Last summer, Dr. Violeta Capric ’12 started the first year of her residency at SUNY Downstate Medical Center in Brooklyn.
Practicing medicine among the rich diversity of peoples and cultures at a large, urban hospital is a challenge she sought out, influenced and prepared by her experiences in the Wagner Plan curriculum.
Her First-Year Learning Community combined studies of English and political science. The students learned to advocate for political and social issues and served in local soup kitchens.
“It was a great experience, an eye-opening experience,” she recalls. “The best part about it is you get to do something that you never thought would be your strength, or that you wouldn’t have chosen for yourself.”
Capric embraced as many diverse experiences as she could fit into her schedule. She was a biology major and a chemistry minor, and she also took extensive coursework in anthropology, math, and art. “The more I took those other courses, the more I fell in love with them. I couldn’t stop.”

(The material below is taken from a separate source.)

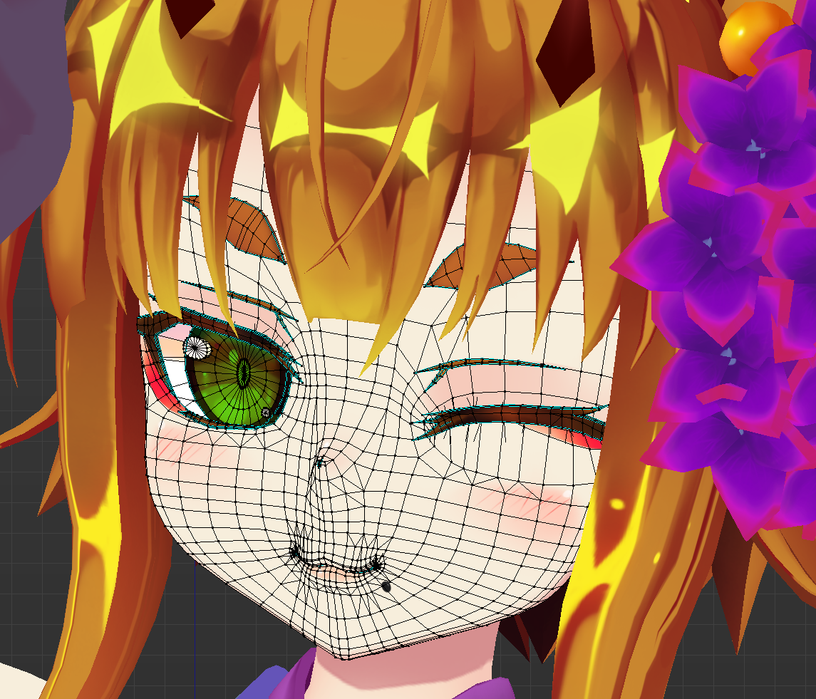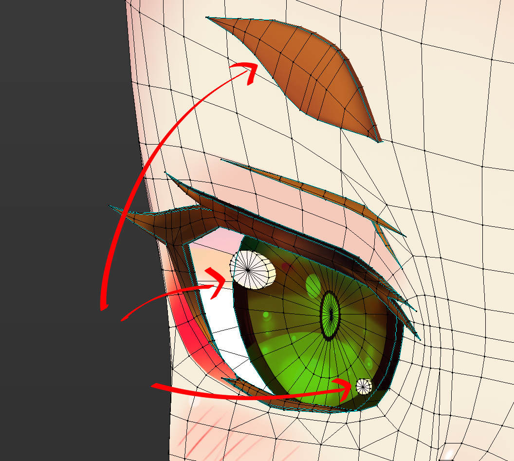 瞳やハイライトなどはモデルの都合上浮いている場合があるため厚み付けであったりポリゴン位置を調整することで浮かない形状にする必要があります。
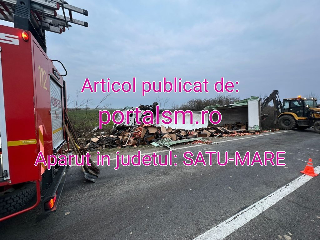 Autocamionul transporta mere, iar în urma accidentului încărcătura s-a împrăștiat pe carosabil, fiind necesară intervenția unui utilaj pentru degajarea drumului. Traficul rutier în zonă a fost complet blocat pe durata intervenției.

After her sophomore year, she did a summer internship in medical research at Johns Hopkins, thanks to the Spiro-Hopkins Scholarship program; the summer after her junior year, she did research in medical archaeology in Peru with Professor Celeste Gagnon.
Many of her First-Year Learning Community friends were interested in politics, and they influenced her to become involved with student government. Ultimately, she served as the Student Government Association president during her senior year — while also doing her senior internship in public health outreach at Mount Sinai Hospital.
Her internship helped her get her first post-college job in genetic and genomic research at the Mount Sinai School of Medicine. After a couple of years in laboratory research, she realized that she wanted to work with patients, and she applied to medical school. In May 2018, she completed her M.D. at the Ross University School of Medicine.
“I think very highly of a liberal arts education,” she concludes. “It helps shape you. … In the Learning Communities, you learn to branch out, whether you’re comfortable with it or not. You do it with friends. And in your Senior Learning Community, you do an internship. And for me and many of my friends, that internship turns into your first job. It might have been difficult to get without having the opportunity to put your foot in the door. So, it really does open a lot of doors to you as a student. You may not know what you want to do just yet, as an incoming freshman, but Wagner helps you find it.”